Recently launched eBay Neighborhoods is a hot topic in the blogosphere. Going beyond its member forums, eBay lovers passionate about brands, products, trends and celebrities and eBay sellers can interact and write product reviews, comment on items for sale, provide buyer guides and add pictures to Neighborhoods.
Since it's new, I didn't expect there to be a whack of online retailers/brands being represented yet, but I did find one for Juicy Couture.
I was expecting to see a Threadless Neighborhood, as this site has always had a loyal social-media-savvy following. And because of Threadless t-shirts' collect-ability and trade-ability, I thought a Threadless eBay community would rock. So I suggested the group which is currently pending approval by the eBay powers that be. Unlike most social networks that allow users to create groups instantly, eBay gets the final say. Although many might criticize them for taking this approach, I think this can help prevent the over-saturation problem that Facebook Groups currently has. Even a search for "Hold Me Closer Tony Danza" groups in Facebook delivers a page-full of options! So to build truly valuable community, it's better to have all the fans in one Threadless Neighborhood rather than a "string" of 'hoods in my opinion.

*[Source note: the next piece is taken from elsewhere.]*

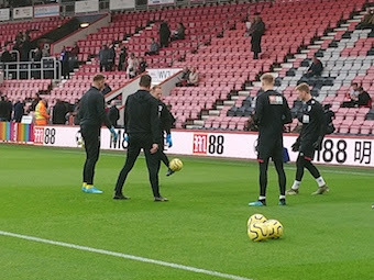 The teams come onto the pitch.Eddie Howe named a stronger side than expected with Billing, Solanke Harry Wilson and Ryan Fraser all getting starts. Callum Wilson and Sam Surridge were on the bench along with a well strapped up Jefferson Lerma.

How can etailers get in on the action? Even if you don't use an eBay store as a marketing channel, you can join a community and submit product guides with a user account (linking to your website at the top of the article, of course). For example, an automobile accessory vendor could easily contribute a guide to the Car Audio community. "How To Spot A Juicy Couture Handbag" is an example of seller-contributed content in Juicy's Neighborhood. Notice that "How to Spot a Fake Louis Vuitton Handbag" shows up on the Juicy Couture group's page as well, so you can get some mileage out of one guide with exposure across many relevant communities. However, your placement in results may depend on your guide's relevance to the group and your buyer/seller account's authority (feedback score and overall participation in eBay).
Many online retailers who have forayed into MySpace to build community may find eBay Neighborhoods more marketing friendly, as eBay was built for commerce, while MySpace was originally intended for non-commercial socializing. Are eBay Neighborhoods' moderators online retailer friendly? Time will tell, I'll be keeping my eye on it.